This week I’m going to talk to you about gaming.
One game in particular, actually.
This game is my wife’s favorite board game, and it is one of mine, too. This game? It’s Carcassonne.
Originally published in the year 2000, it is still a regular sight on the shelf in your Friendly Local Game Store. It plays with 2 to 5 people and games usually run about 45 minutes.
The basic idea for the game is that you and the other players are building up towns, roads, monasteries, and farmlands in the medieval French countryside. Each of you is vying for power by building the biggest towns, the longest roads, complete monasteries, and the most bountiful farmlands. It may sound complicated, but the game is actually quite simple.
Here is the thing about Carcassonne – it is a board game where you build the board as you play.
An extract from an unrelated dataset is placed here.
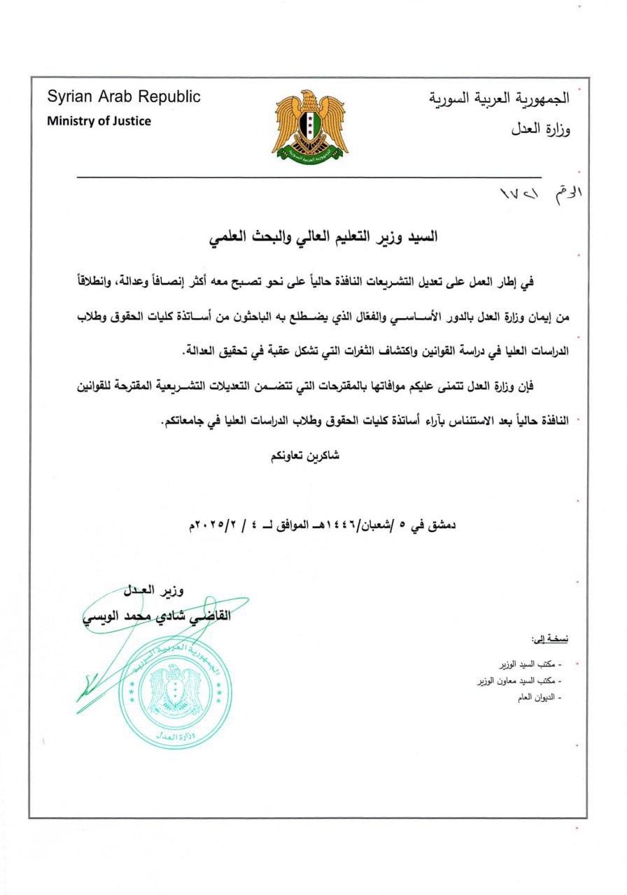 وجهت وزارة العدل كتبًا إلى وزارة التعليم العالي ومحكمة النقض وإدارات التفتيش والتشريع والنائب العام ونقابة المحامين، تطلب فيها مقترحات لتعديل القوانين النافذة، مستندة إلى آراء الأكاديميين والقضاة والمحامين، بهدف معالجة العقبات وتحقيق عدالة وفعالية أكبر.

Each turn, you pull a random tile and have to place it strategically to get yourself the most points. Do you start a new city or build on one you’ve already started? Do you leave your neighbor’s city alone, or do you try to sneak in and share the points? Or, worse, do you try to take over the city? Or – most vexing for my wife – do you make the surrounding area so unusable that the player can’t even finish her city?
You only have so many ‘followers’ to use at any one time, so you can’t claim a new road, city, farm, or monastery every turn. Do you wait on that farmland? What if somebody snatches it up before you come back to it?
Maybe my favorite element of the game is the scoring. As you go through the game, it may look like there is a clear winner. The end of the game, however, triggers the final scoring that adds up everything that is unfinished (cities, roads, monasteries), and it finally scores the farmlands. It is at this moment in the game where I watched somebody in last place jump to first place and win the game. It isn’t like Monopoly where you go bankrupt and go watch TV while your friends finish the game.
Everyone is in the game until the very end.
If you’re curious, there are dozens of versions and expansions that give different kinds of gameplay. The base game is at rank 13 on BoardGameGeek.com’s Family Game Rank, if that tells you how fun this is. If you live in Marin County, you can easily get it through my favorite game store I’ve ever visited, Gamescape North, located on 4th St. (between B St. and C St.) in San Rafael. (No, I was not paid to include that in this post. I really do like that store that much.)
Have any of you played Carcassonne or something similar? What are your favorite board games?